MGH   
CCIB
 
CRISPR Sequencing: Data Retrieval

Upon completion of the NGS run, data are analyzed and subsequently made available through our secure data server. Our customers will receive an automated email notification as soon as the data can be accessed through our website.

Please note that your data will only be available for three months after it is released! We strongly encourage our users to download their data as soon as they are available. Our data server is only a temporary storage site, which does not allow long-term archiving of NGS data. All CRISPR Sequencing data generated at our core facility is subject to deletion without notice after three months.

Accessing Your Data:
To access our data server, please log into your account and click on the My Results button. For each sample of your corresponding order, you can now download a compressed file (*.sit) containing the raw NGS data in FASTQ format (there will be one FASTQ file for each sample). Paired-end reads (2 x 150 b) can be read from a single FASTQ file in which the entries for the first read (1) and second read (2) from each pair alternate. The first read in each pair comes before the second. In addition, a FASTA file of algorithmically called CRISPR "variants" as well as a Multiple Alignment file will be provided for each sample. A sample data package illustrating the data delivery can be found here. For a short description of our algorithm used to perform CRISPR variant detection, please see here.

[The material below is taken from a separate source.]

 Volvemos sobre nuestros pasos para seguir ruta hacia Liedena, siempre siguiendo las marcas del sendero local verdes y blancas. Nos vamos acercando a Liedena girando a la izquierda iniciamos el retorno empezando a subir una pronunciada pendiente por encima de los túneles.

If you chose to perform your own analysis and want to separate the FASTQ files into read 1 and read 2 prior to their import into your preferred analysis pipeline, you can use this simple Python program.

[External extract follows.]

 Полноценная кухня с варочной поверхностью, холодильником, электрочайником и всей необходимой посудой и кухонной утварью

Note regarding heterogeneous lengths in samples submitted for NGS:
If you are submitting DNA samples of different lengths for NGS, please keep in mind that the analysis process does not guarantee the representation of input DNA of different lengths. For example, if the user submission is an equal mix by mass of 300 bp and 200 bp fragments (e.g. PCR amplicons), the sequence data will reflect the opposing consequences of two influences: (i) the input DNA contains fragments in a 3:2 numerical proportion favoring the 200 bp fragments, and (ii) the analysis method will underrepresent 200 bp fragments because of size bias in the creation of the fragment library.

Decompression Software:
To open compressed *.sit files (which are actually .zip files) on your computer, you can use Stuffit Expander (free) or WinZip (trial version). To download, please select the appropriate link below. You can also use the Linux unzip command.

Stuffit Expander
WinZip for Windows
WinZip for Mac


Please note:
*.seq files are plain text files containing your sequence in FASTA format and can be opened with any software capable of viewing plain text or FASTA format files (text editor software such as Word, NotePad, etc.). You may also change the file extension from *.seq to *.txt.